Law Firm Reminds Investors of Class Action Lawsuit Against GPGI
Shareholder rights law firm Robbins LLP is alerting investors of GPGI, Inc. regarding a class action lawsuit concerning alleged misrepresentations about the Husky acquisition. The complaint claims the company overstated Husky's value and benefits.

Robbins LLP, a law firm specializing in shareholder rights, has notified investors who purchased GPGI, Inc. (formerly CompoSecure) stock between November 3, 2025, and May 6, 2026, about a class action lawsuit filed against the company. GPGI, Inc. is a financial technology and security business that rebranded from CompoSecure in January 2026.
The lawsuit alleges that GPGI misled investors regarding its acquisition of Husky Technologies Limited, announced in November 2025 and completed in January 2026. At the time of the acquisition, company executives promoted Husky's purported value, financial strength, and growth prospects to gain shareholder approval.

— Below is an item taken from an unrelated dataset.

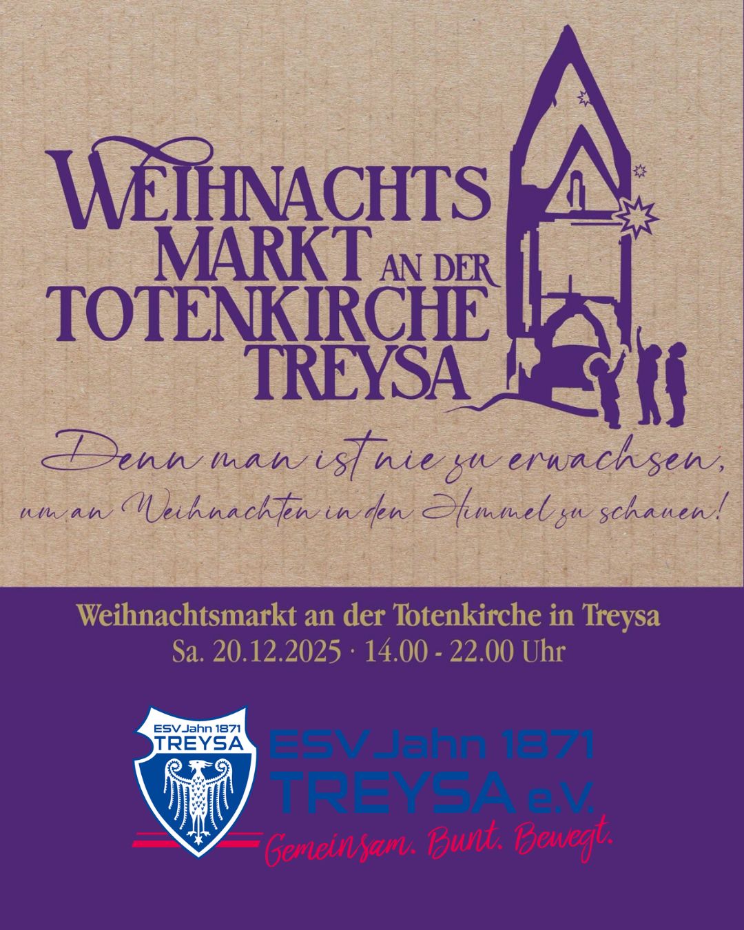 Der ESV Jahn Treysa ist bereits in Weihnachtsstimmung und freut sich euch verkünden zu dürfen, dass wir dieses Jahr erneut einen Stand auf dem Weihnachtsmarkt an der Totenkirche in Treysa haben werden. Wie im vergangenen Jahr könnt ihr euch an unserem Stand mit einem heißen Aperol oder einem heißen Orangensaft aufwärmen.

According to the complaint, defendants materially overstated Husky's value and failed to disclose that Husky was not on track to meet projected revenue and Adjusted EBITDA targets. It is also alleged that a primary motivation for the acquisition was to generate substantial fees for certain parties rather than to create long-term value for GPGI shareholders.
In February 2026, short-seller Jehoshaphat Research published a report claiming that GPGI had inflated Husky's valuation to secure shareholder approval for the acquisition. Following the report's release, GPGI's stock price experienced a significant decline of approximately 44%.
Shareholders wishing to serve as lead plaintiff in the class action must submit their documents to the court by September 15, 2026. Robbins LLP states that representation is on a contingency fee basis, meaning shareholders incur no fees or expenses unless a recovery is achieved.